Met de bevrijding in aantocht maken tienduizenden Duitse militairen, nationaal-socialisten en hun Nederlandse sympathisanten zich grote zorgen over hun lot. Wat zal er met hen gebeuren, nu een Duitse nederlaag onvermijdelijk lijkt?
Vluchten richting ‘Heimat’ lijkt de beste optie, maar de Geallieerden stoten zo snel door richting het noorden dat Duitsland voor velen onbereikbaar wordt. Dan maar naar het nog bezette westen van Nederland en daar het verdere verloop van de oorlog afwachten.
In de laatste dagen voor de bevrijding ziet Friesland vele vluchtende collaborateurs voorbij komen, waaronder beruchte oorlogsmisdadigers. Ze proberen weg te komen met de boten in Lemmer of Stavoren, of met auto’s via de Afsluitdijk.
In de chaos van de laatste oorlogsweken krijgt het dorpje Zurich, onder de rook van Harlingen, bezoek van een stoet luxe auto’s. Zo’n twaalf mannen, twee vrouwen en twee kleine meisjes stappen uit. “Kunt u hier vandaag mijn gezelschap onderhouden?”, vraagt een van de mannen aan de cafébaas. “We willen vanavond doorreizen over de Afsluitdijk”. Het is NSB-leider Anton Mussert, die daarvoor van zijn landgoed uit Almelo is gekomen.
De auto die ze meebrengen bevat een ruime drankvoorraad. Het gezelschap is al gauw beneveld en belandt al lallend op de zeedijk. De NSB-ers maken een indruk alsof het ze allemaal niets meer kan schelen. Er wordt gescholden. De twintigjarige dochter van de cafébaas is er getuige van. “Wil je niet voor me in de houding, klootzak!”, roept iemand tegen een collega. Een van de vrouwen zegt: “Mijn man wou hoog, hij komt hoog te hangen”.
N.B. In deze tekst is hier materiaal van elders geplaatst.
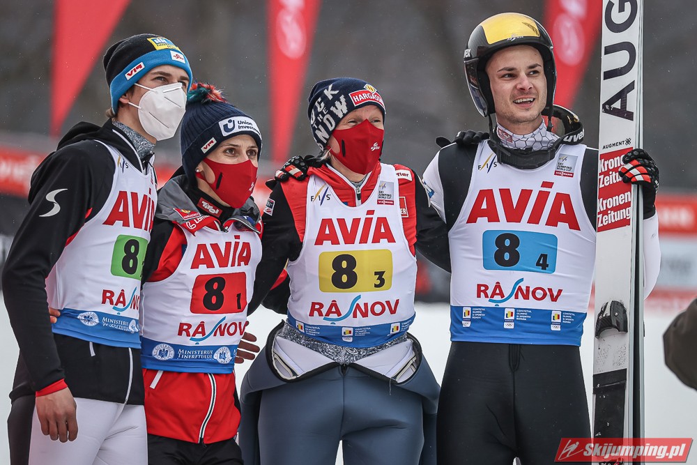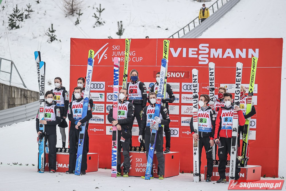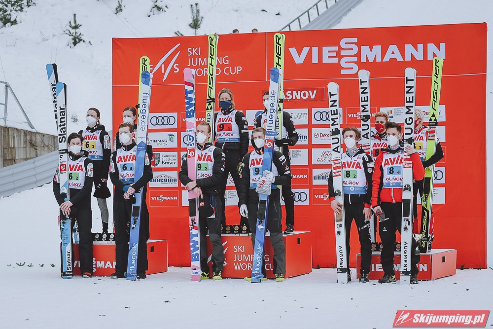 Reprezentacja Norwegii wygrała sobotni konkurs drużyn mieszanych Pucharu Świata na Trambulina Valea Carbunarii (HS97) w Rasnovie. Drugie miejsce wywalczyła Słowenia, a trzecie miejsce zajęła Austria. Polska sklasyfikowana została na siódmej pozycji.
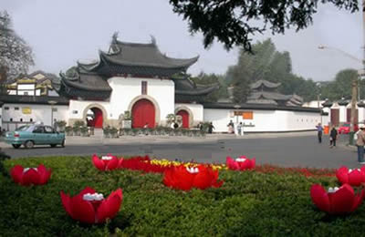 像,重一噸多,雕工細膩,技藝精湛,是1935年太虛法師訪問緬甸時,仰光的佛教徒贈送給我國的。象這樣精美的玉雕佛像,國內(nèi)僅有三尊,另兩尊分別在北京和上海。再如南北朝時埋藏的石刻觀音像,姿態(tài)輕盈,髻結敞胸,身佩纓絡,手攜凈瓶,距今已有1400多年的歷史,具有較高的歷史藝術價值。還有兩尊紅木雕刻的達摩像,是清康熙初年的木雕精品,兩尊像,一坐一立,富有個性,生動表現(xiàn)出達摩面壁九年,閉目冥思、超然物外的形態(tài)。
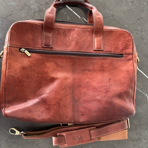 Tony Perotti skuldertaske i sort læder, justerbar skulderrem, forside med trykknap/magnetlukning og på bagsiden stor lynlåslomme. Indvendigt helforet med beige stof, og med flere rum til opbevaring. Nypris 3775 kr
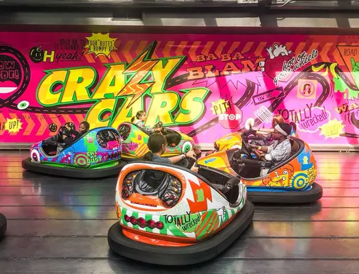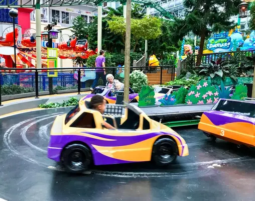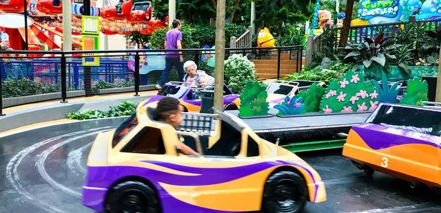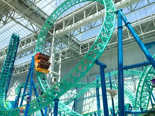 “This seven-acre indoor amusement park features more than 30 rides, arcade games, the Eats food court and attractions, including a SpongeBob roller coaster, Rugrats bumper cars and more Nick-themed fun.”
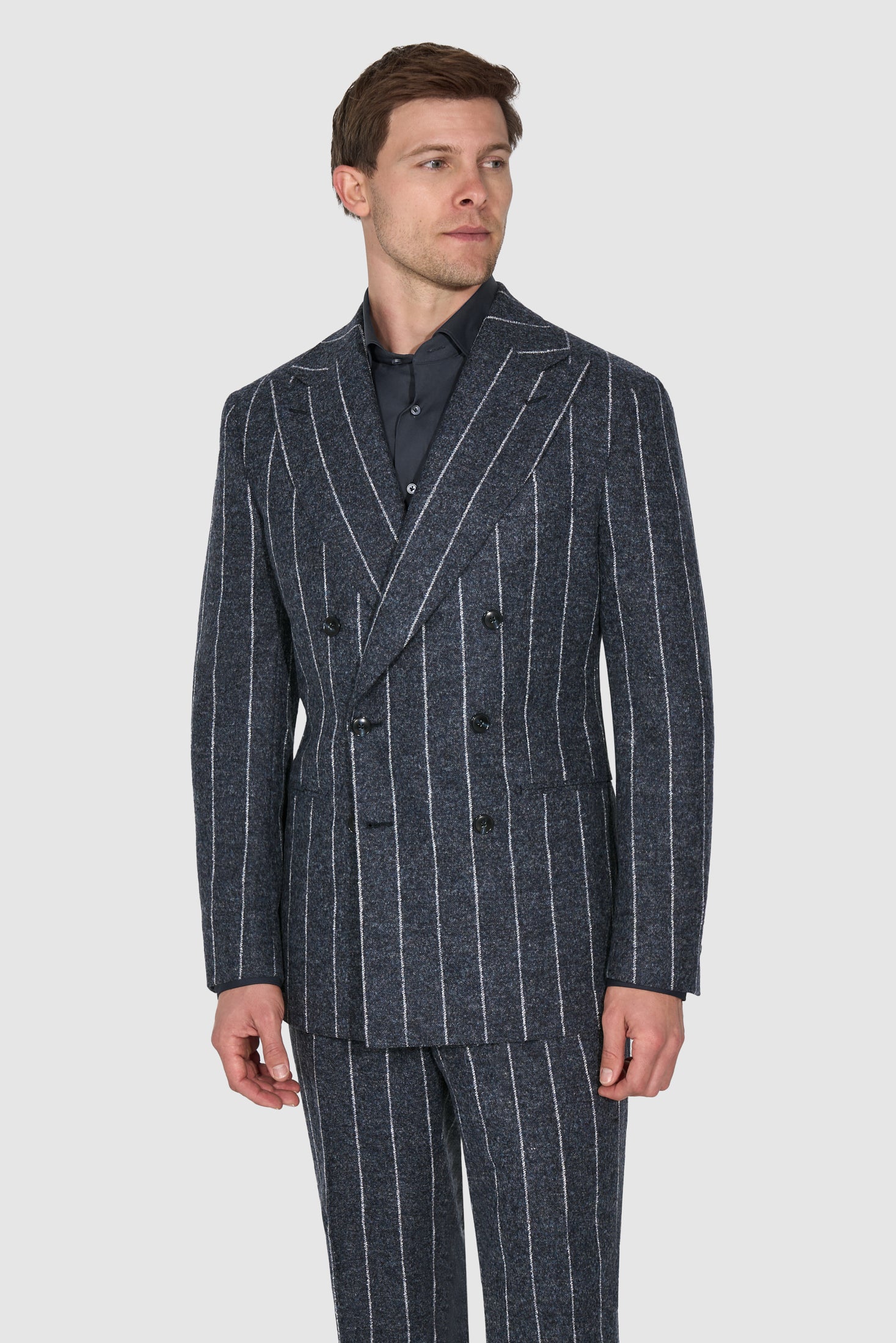 - Jetted Pockets with Wide Peak Lapels
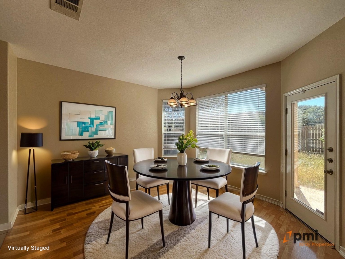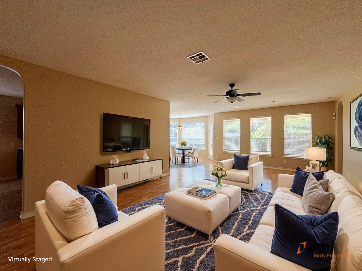 The primary suite is a peaceful retreat featuring a double vanity, walk-in shower, relaxing garden tub and generous walk-in closet. Additional highlights include washer and dryer hookups, a water softener, programmable thermostat and an alarm system for added peace of mind.
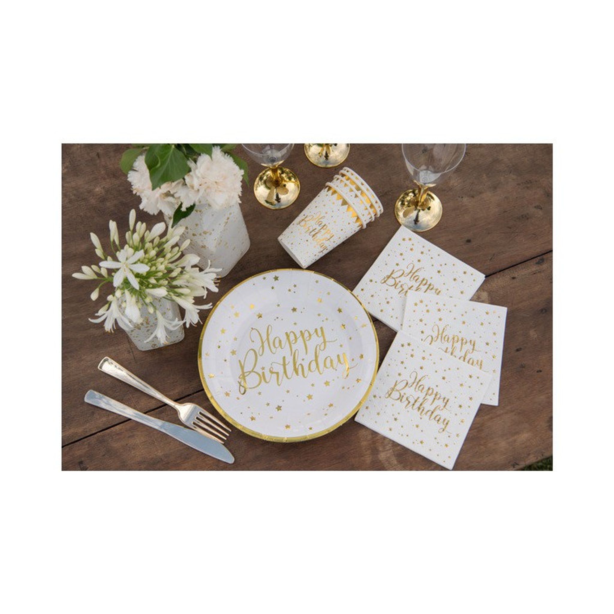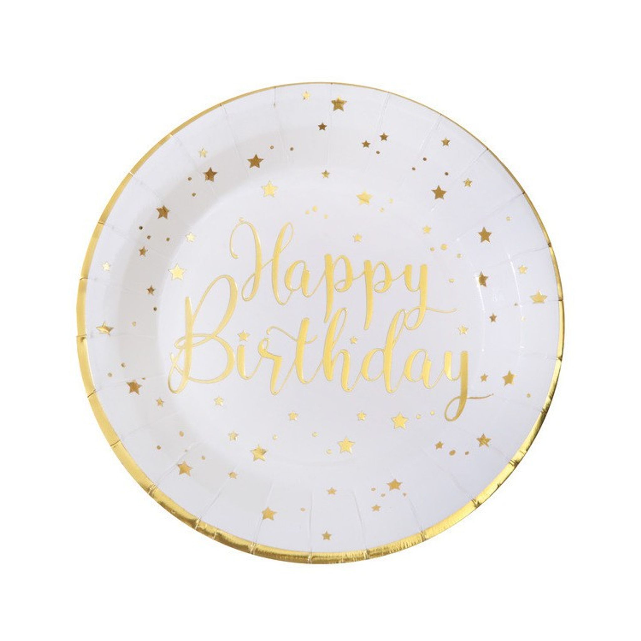 Snygga papperstallrikar som passar perfekt vid dukningen på födelsedagsfesten. Tallrikarna är vita med båda kant, stjärnor samt texten "Happy Birthday" i skimrande guld.
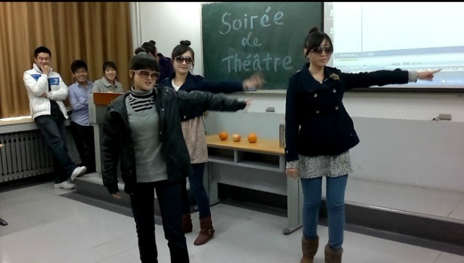 通讯员(倪一丹)经过精心筹备,法语话剧表演大会于11月25号下午在舜耕校区1107教室举行,参会的演员为我校2009级法语班的全体同学,另外法语教师王淑华、张兆龙以及法语外教Raymond作为嘉宾评委参加了此次活动。
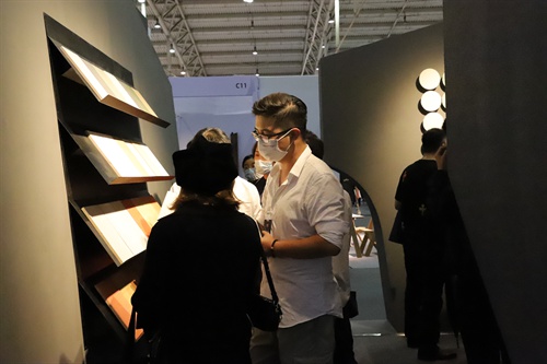 展厅由建筑师郭宇辰倾力打造,打破传统展位的空间的同时给它带来一个新的秩序,一个有功能的雕塑,一个与现实世界有游离感的场所。
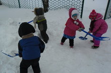 Дети учатся правильно пользоваться лопатками и очищают пространство от снега. У них развивается умение и желание оказывать посильную помощь товарищу, научить его тому, что умеет сам и делают они это с большим удовольствием.
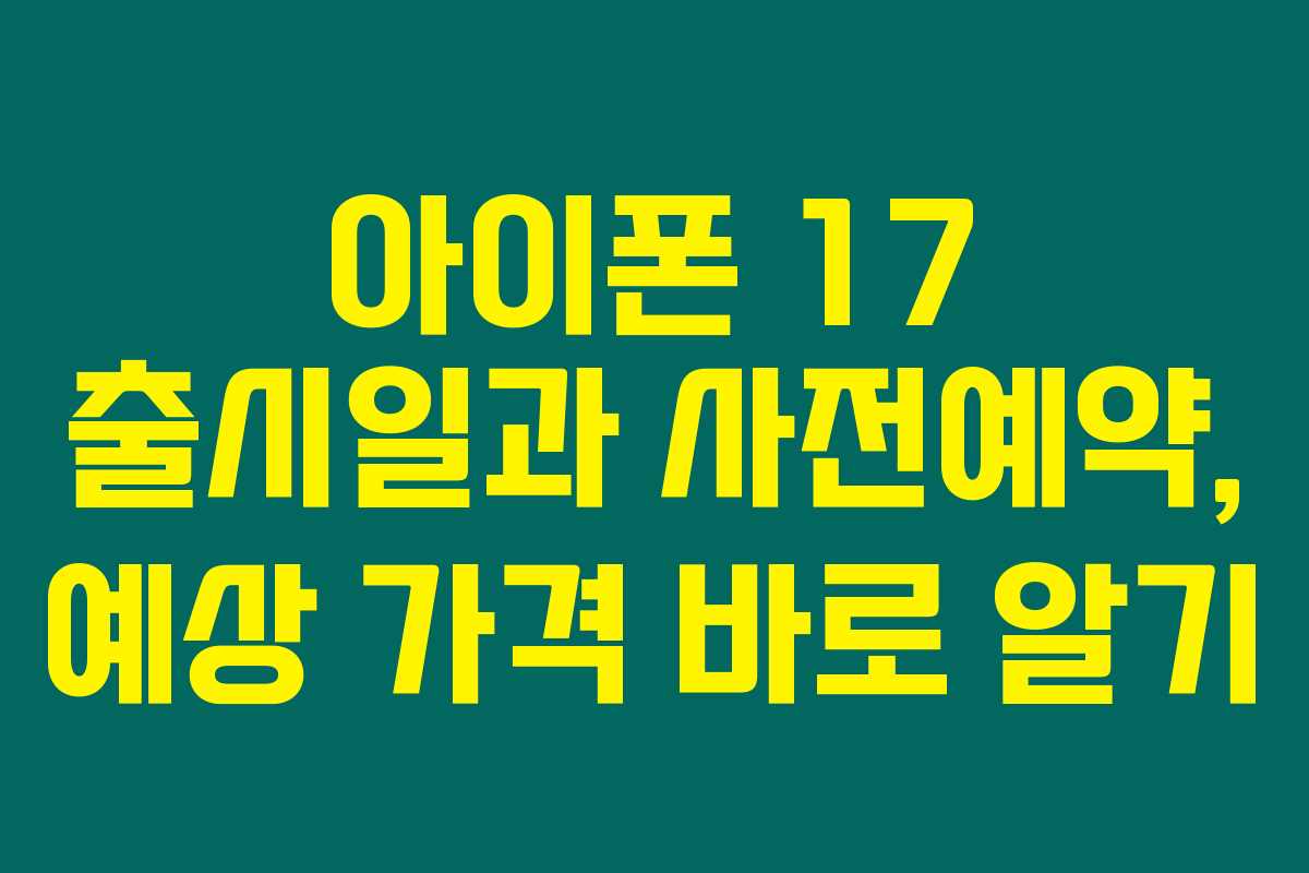 아이폰 17에 대한 기대가 높아지고 있다면 아래의 내용을 놓치지 마세요. 아이폰 17의 출시일, 사전예약 정보, 예상 가격을 확인해보세요. 이제 곧 애플의 다음 스마트폰이 출시될 예정이니 놓치지 말고 정보 파악하세요.

De NSB-ers zijn echter niet de enigen die van de drank hebben geproefd. De drankauto is door de dorpsbewoners aan een nauwkeurig onderzoek onderworpen. Een van hen zegt: ‘Ik bin dronken fan Mussert syn drank”, waarna hij in bed wordt gelegd. De volgende dag rijdt het gezelschap verder, richting Afsluitdijk.
Waddeneilanden
Ook de Waddeneilanden worden een toevluchtsoord voor collaborateurs. Daar zijn nog veel Duitse militairen en men hoopt van hieruit misschien op een andere manier geëvacueerd te kunnen worden. Het personeel van het beruchte Scholtenhuis, het SD-hoofdkwartier in Groningen, belandt bijvoorbeeld op Schiermonnikoog, waar het nog tot 11 juni duurt voor de laatste Duitse militairen zullen vertrekken.
Florentine Rost van Tonningen-Heubel, de vrouw van NSB-kopstuk Meinoud Rost van Tonningen, vlucht hoogzwanger naar Terschelling. ‘De zwarte weduwe’, zelf ook berucht omdat ze na de oorlog nooit afstand neemt van het nationaalsocialisme, bevalt op 28 april in het dorpje Midsland van een zoon. De bevalling zorgt voor veel opwinding, want als de eilanders erachter komen dat er in hun dorp een Rost van Tonningen is geboren, ontstaat er een kleine volksoploop. Maar uiteindelijk loopt alles met een sisser af.
De fusillade in Dokkum is de grootste fusillade geweest tijdens de Tweede Wereldoorlog in Friesland. Een bloedig dieptepunt in de steeds hardere strijd tussen de Duitse bezetter en het verzet.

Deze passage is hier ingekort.